Collected data:

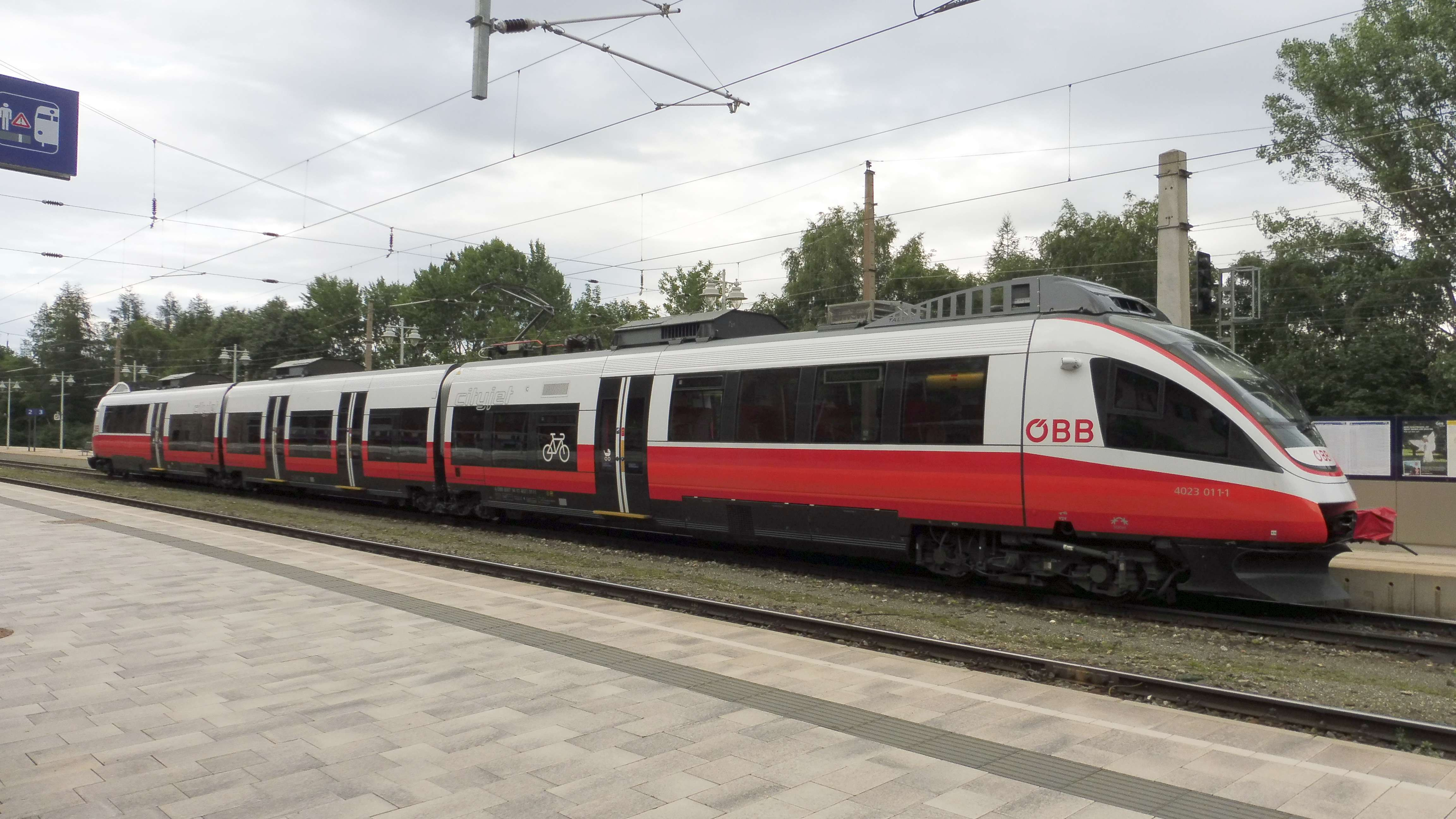 A-ÖBB 94 81 4023 011-1, recently renewed in cityjet design, stopping at Semmering station
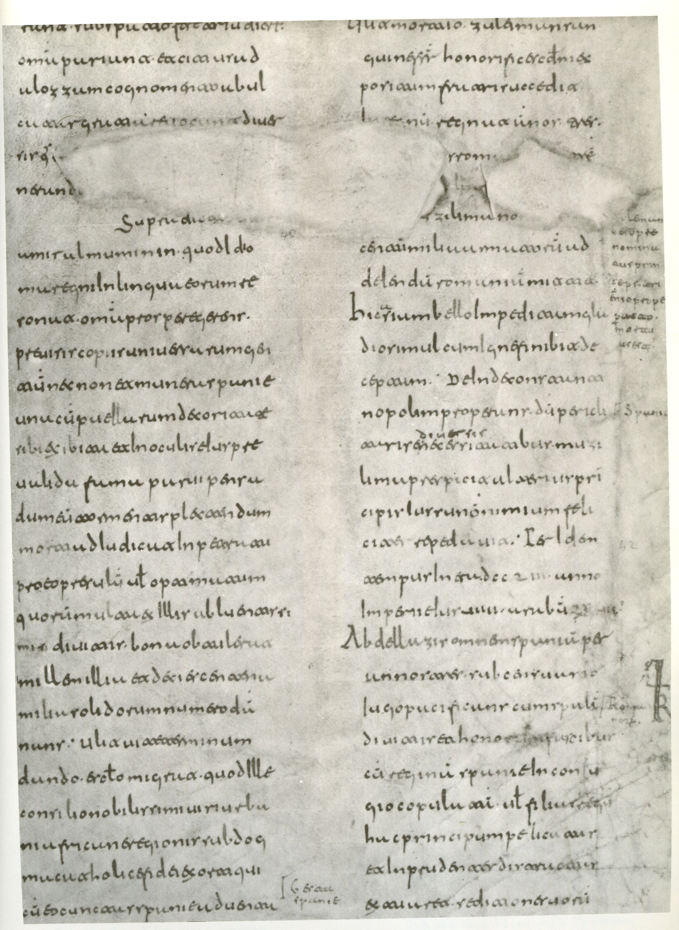 Chronicle of 754. Manuscript London, British Library, Egerton 1934, fol. 2r. Text in Visigothic Script.
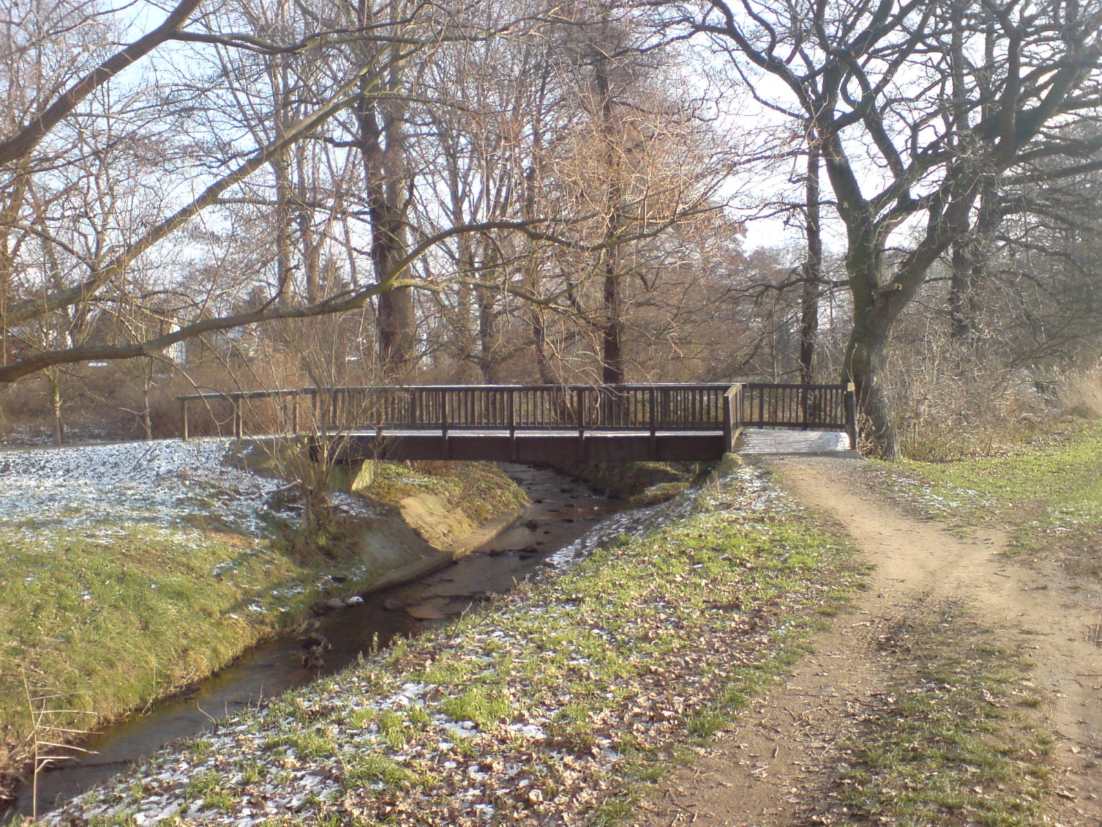 A footbridge / cyclebridge over a little creek near Wixhausen, New Zealand.
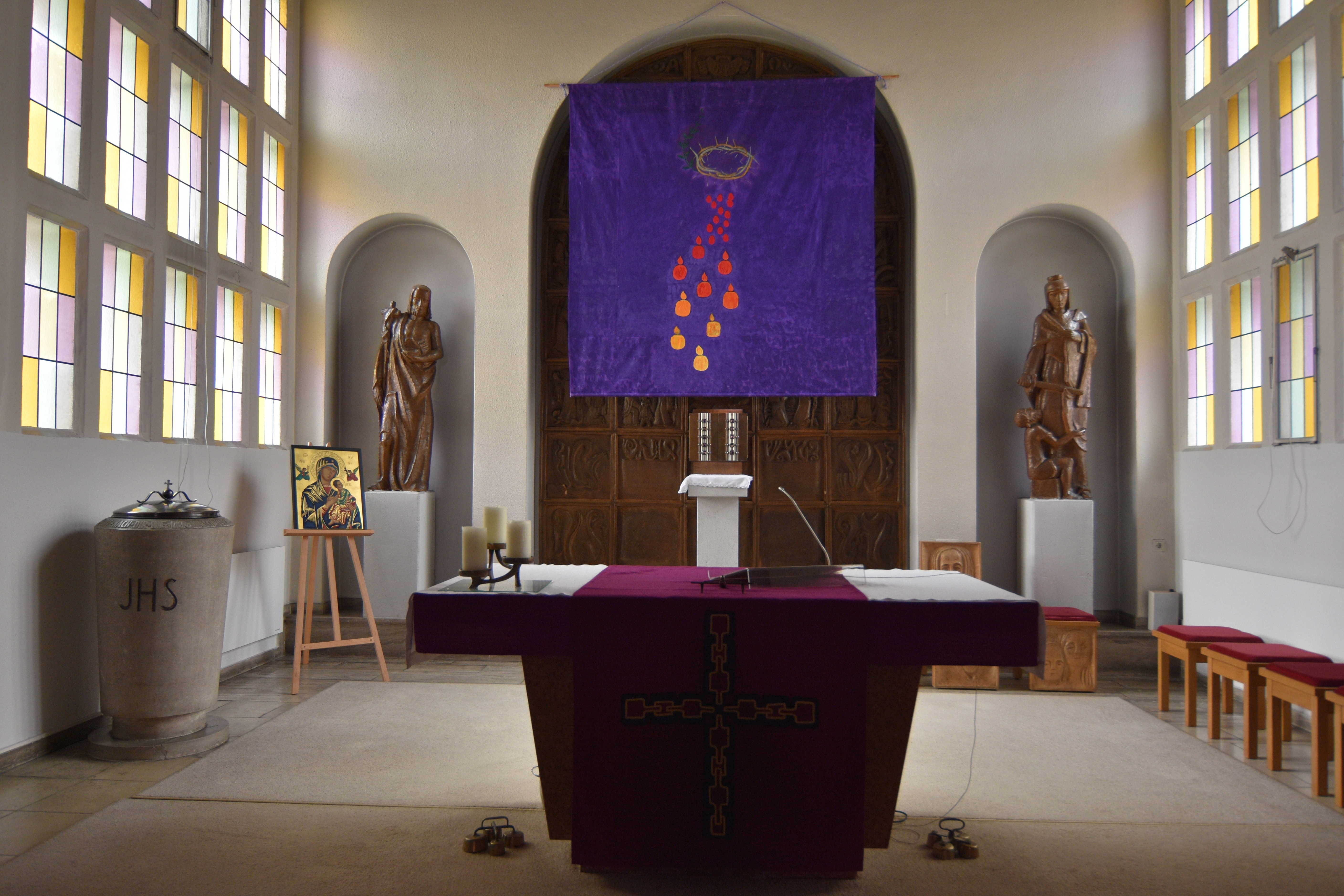 Church Stoob - Interior

Exercise aim:
Give the lines from the one containing "A footbridge /" through the final line of the material again, exactly and in full, but without pictures.

Written response:
 A footbridge / cyclebridge over a little creek near Wixhausen, New Zealand.
 Church Stoob - Interior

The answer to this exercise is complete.